Rising mortgage costs offset by falling energy bills – Barclays

Bank of England's rate cut boosts consumer sentiment

Rising mortgage costs offset by falling energy bills – Barclays

Rising mortgage costs in July were partially offset by declining energy bills, with consumer confidence further bolstered by the Bank of England’s base rate reduction last week.

The latest Barclays Property Insights report has indicated that consumer spending on rent and mortgages saw a year-on-year increase of 5.7% in July, a significant jump compared to June’s 1.5% growth. However, on a month-to-month basis, rent and mortgage payments fell by 3.8%.

Ofgem’s recent energy price cap reductions contributed to a 7.5% decline in spending on utilities. Despite these fluctuations, consumer confidence in managing rent and mortgage payments remained steady at 53%.

Barclays also noted that the Bank of England’s rate reduction had a positive impact on consumer sentiment, with 57% of respondents feeling more confident in their ability to live within their means, and 51% expressing greater confidence in their household finances.

In addition, 27% of mortgage holders expect their monthly costs to decrease, though 50% anticipate no change, likely due to the prevalence of fixed rate mortgages.

“The base rate reduction on August 1 was certainly a promising sign for UK homeowners and the wider economy, with over half of consumers saying it made them more confident in their household finances,” said Mark Arnold (pictured), head of savings and mortgages at Barclays.

“However, it’s important to remember that unless you’re a homeowner on a variable or tracker mortgage, it may be some time before you notice a tangible difference in your monthly bills. For example, those on fixed rate mortgages will need to wait until they roll off or remortgage to determine whether their repayments will rise or fall, and for renters, there’s even less of a clear cause and effect when it comes to pricing.” 

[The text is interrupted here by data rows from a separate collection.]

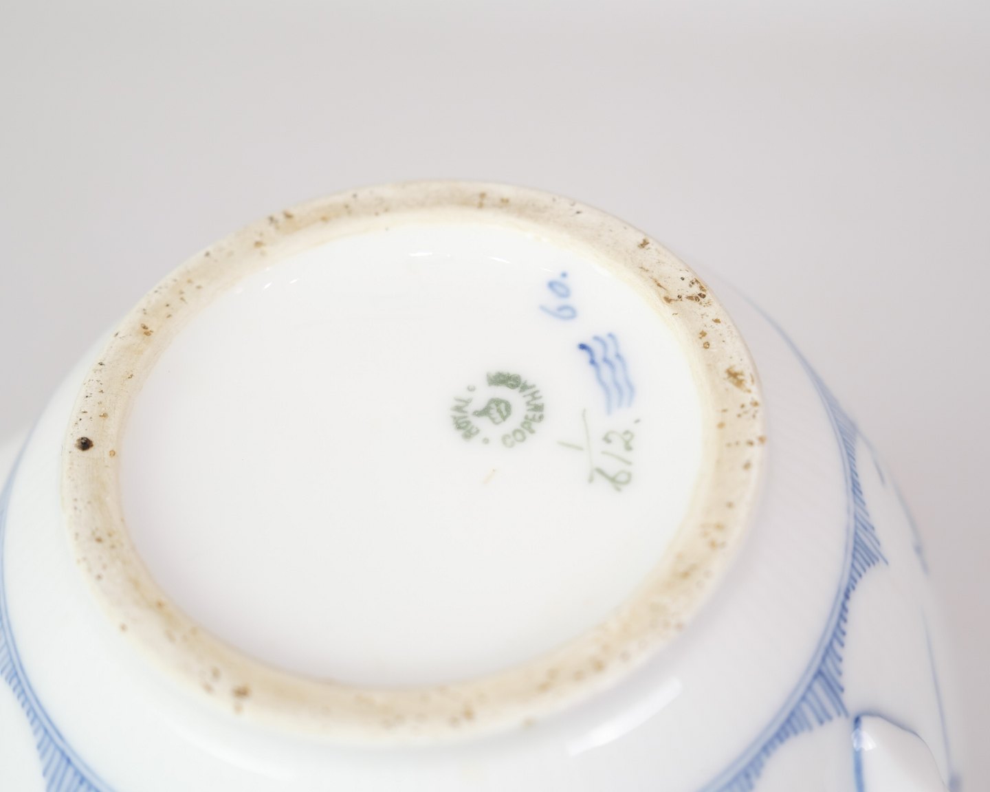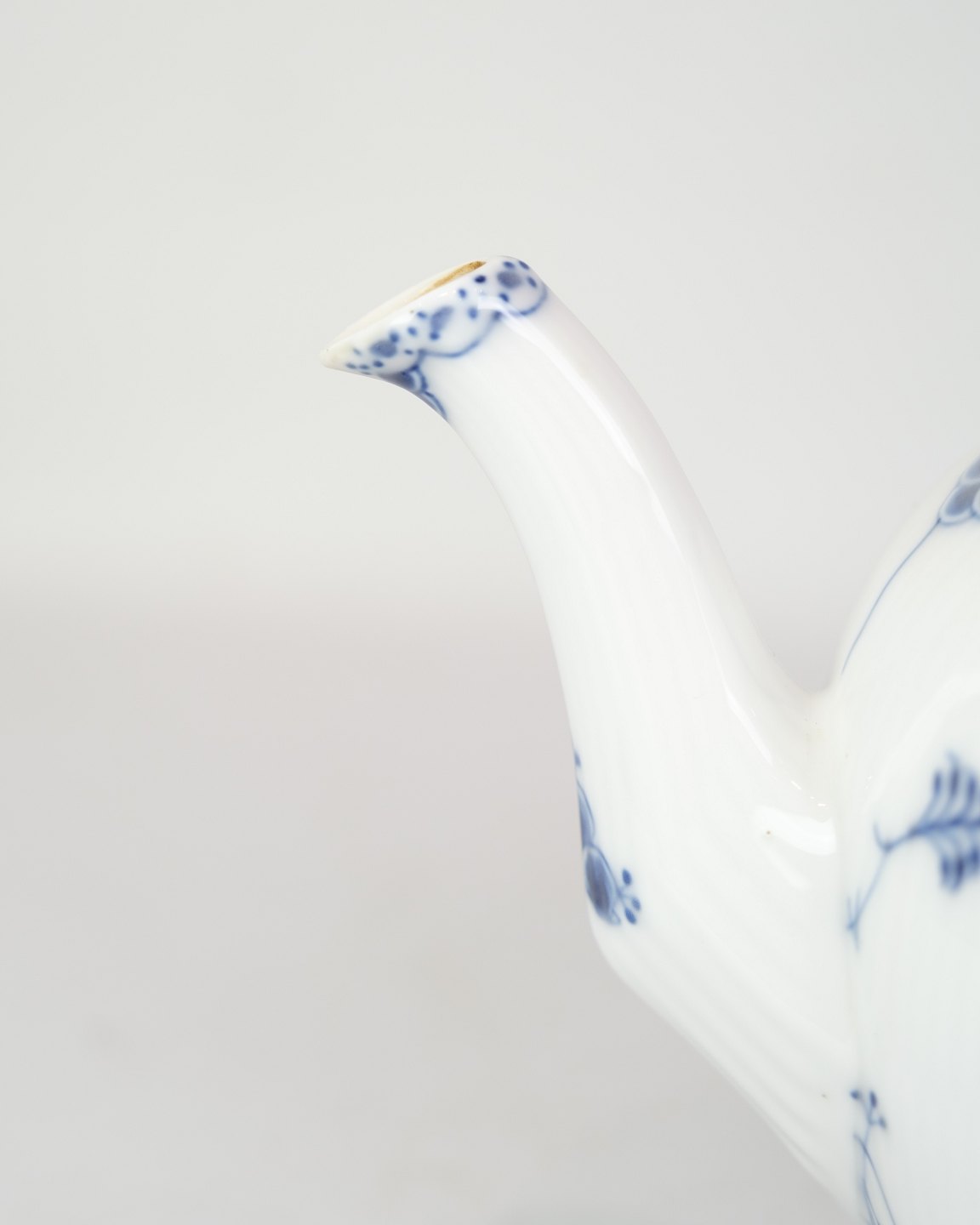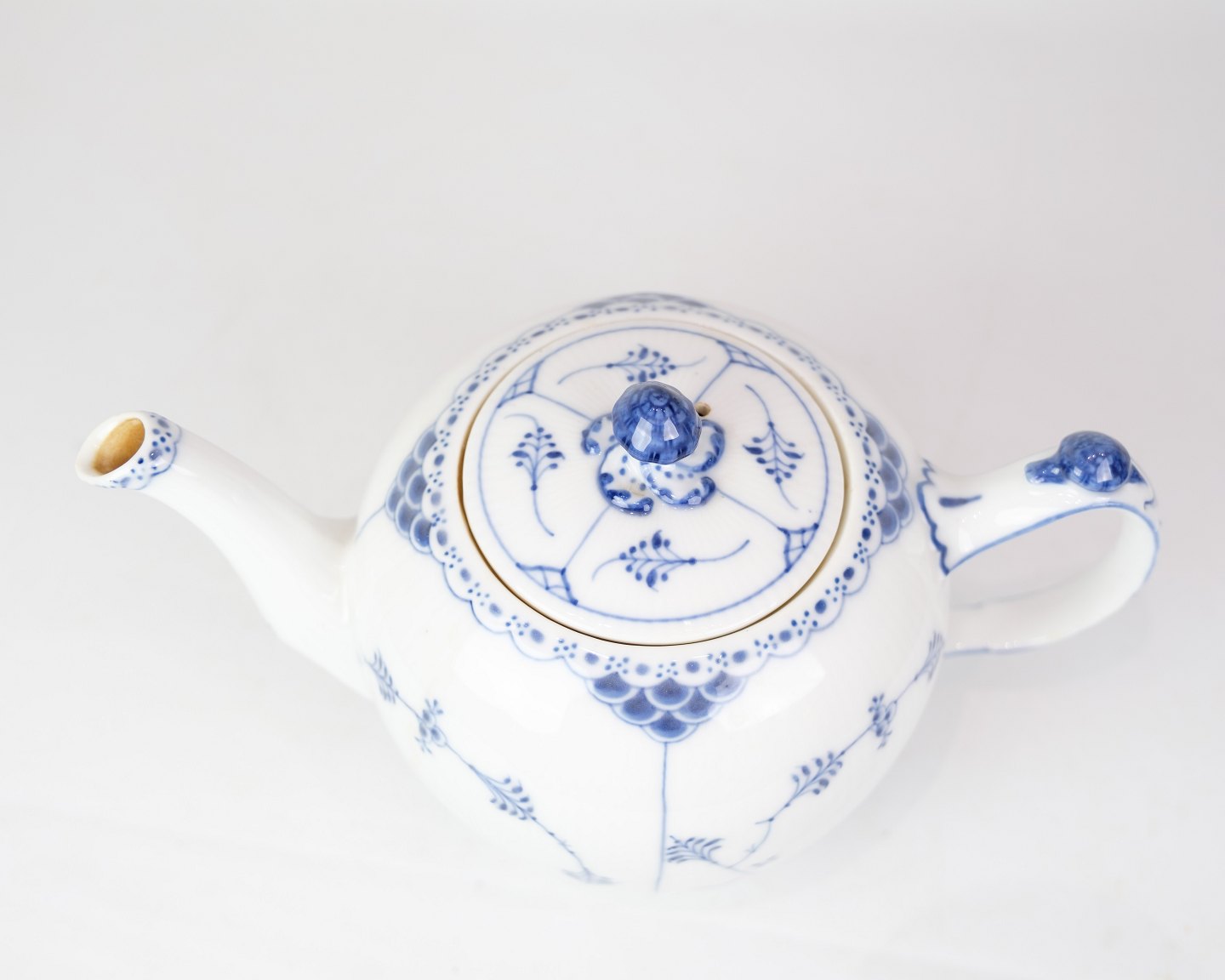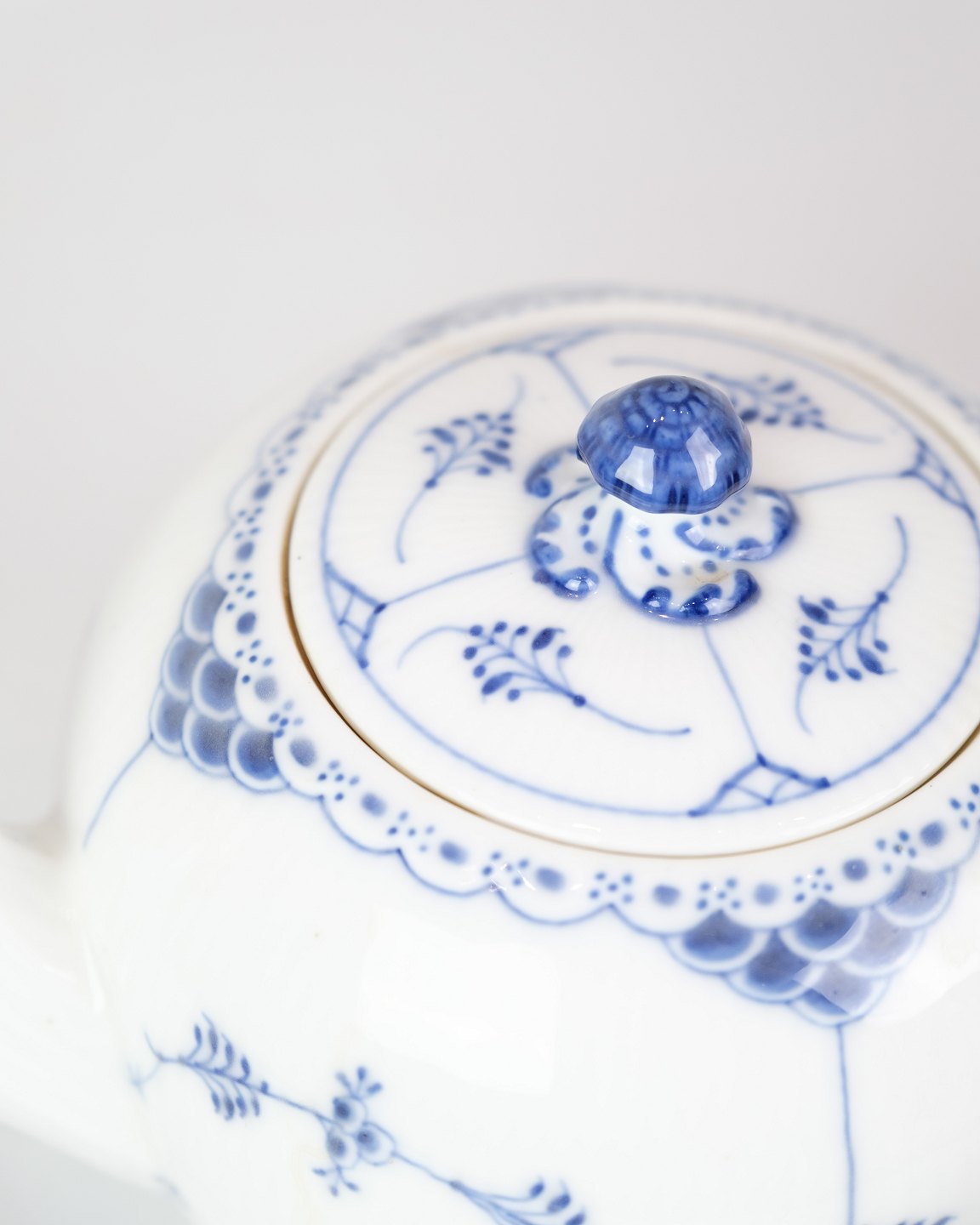 SoldLarge Teapot with Blue Fluted Fluted pattern by Royal Copenhagen model no. 612. Stands with beautiful blue hand-painted pattern.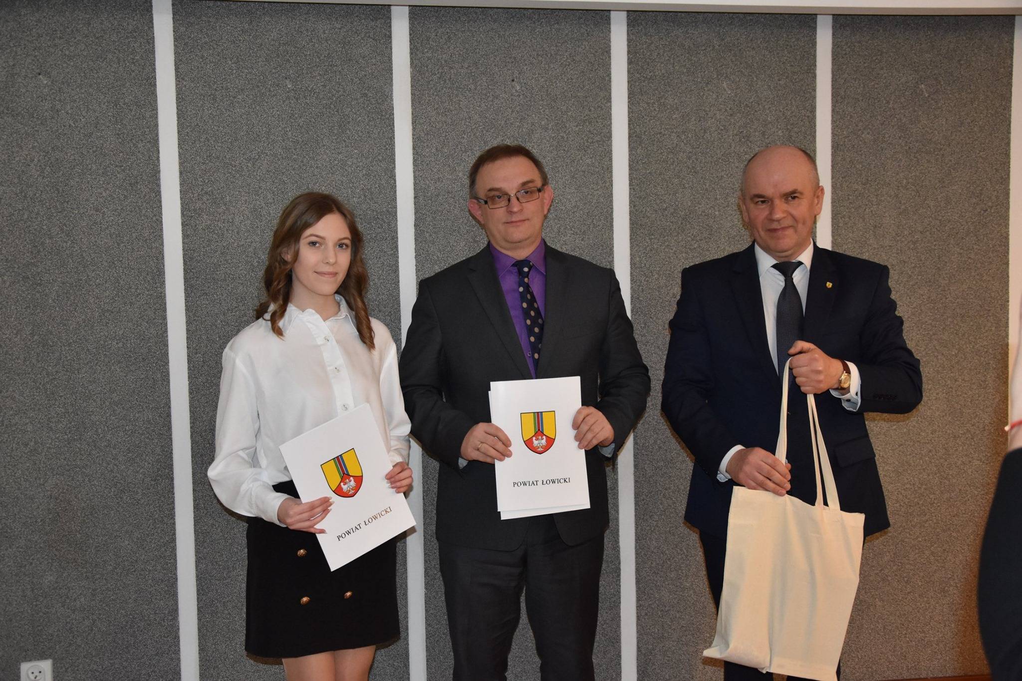 Podczas XX Sesji Rady Powiatu Łowickiego Starosta Łowicki - Marcin Kosiorek oraz Przewodniczący Rady Powiatu Łowickiego Marek Jędrzejczak wręczyli listy gratulacyjne oraz upominki stypendystom Prezesa Rady Ministrów ze szkół prowadzonych przez Powiat Łowicki.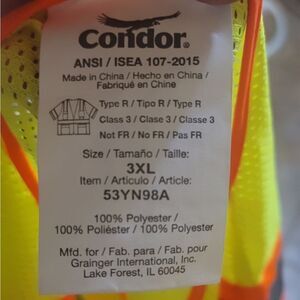 CONDOR reflective work cycling warehouse vest 3 xl type r class 3 53yn98a nwt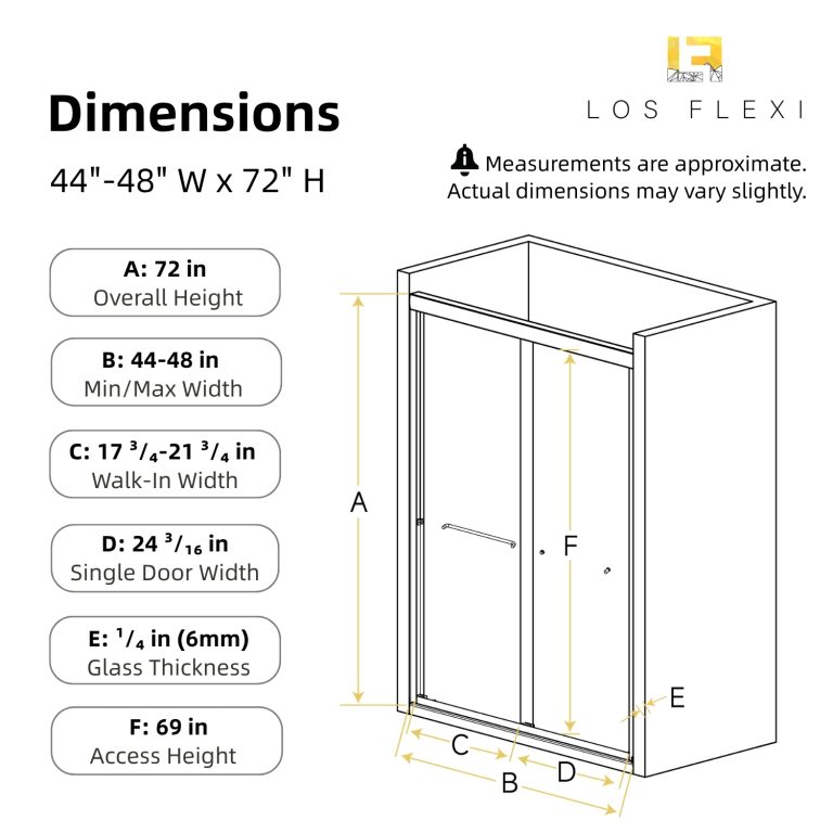 Enhance your bathroom with the Los Flexi 44-48 inch Bypass Double Sliding Shower Door. This shower door combines a sleek semi-frameless design with a polished chrome frame, offering a modern, clean aesthetic. The ¹/₄-inch SGCC-certified tempered glass provides both durability and visual appeal, elevating your bathroom’s look.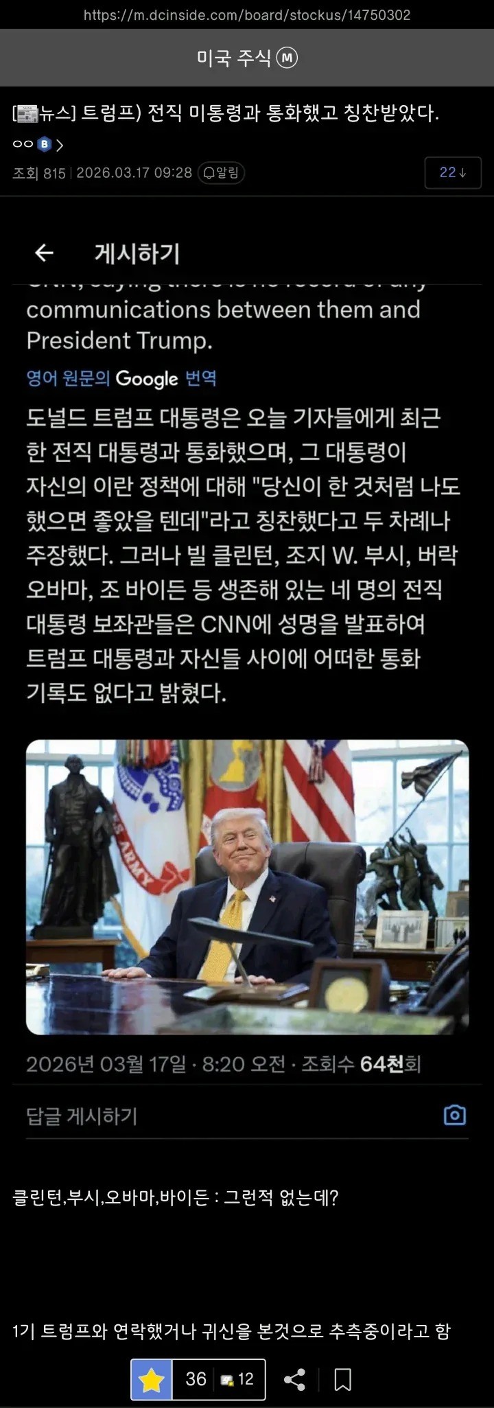 트럼프 근황 작성자 정보 빨간망든차차 작성 작성일 2026.03.17 16:00 컨텐츠 정보 162 조회 목록 관리 글수정 글삭제 본문 관련자료 이전 아내의 한마디로 우울증을 극복한 배우 작성일 2026.03.17 16:00 다음 마동석이 미국에서 빅사이즈가 아닌 이유 작성일 2026.03.17 15:00 댓글 0 등록된 댓글이 없습니다. 로그인한 회원만 댓글 등록이 가능합니다. 목록 관리 글수정 글삭제

The report also highlighted that renters are feeling the impact of rising costs more acutely than homeowners. Eight in 10 renters expressed concern about the effect of increasing housing costs on their personal finances, nearly double the rate of homeowners. Additionally, renters are less likely to have emergency savings, with only 17% having funds set aside compared to 24% of homeowners.

Despite widespread homeownership or aspirations towards it, the report found that many consumers are unfamiliar with key factors influencing mortgage rates. While 88% of respondents were aware of the Bank of England base rate, 26% admitted they did not understand what it means. Furthermore, 35% had never heard of the Monetary Policy Committee, and 49% were unfamiliar with swap rates, which help determine pricing for fixed rate mortgages.

There are signs, however, that consumers are becoming more engaged with financial news. The report noted that 15% of renters and mortgage holders have shown increased interest in UK economic news over the past year, particularly among those aged 18 to 34.

For those seeking more information on how the base rate impacts their mortgage, news coverage was the top source, followed by consumer advice websites and mortgage providers. Among 18- to 34-year-olds, social media and advice from friends and family were also popular sources of information.

“While it’s by no means mandatory for homeowners to understand the inner workings of the mortgage market, it’s encouraging to see consumers staying on top of financial news, so they can be empowered to make the best financial decision when the time comes,” Arnold said.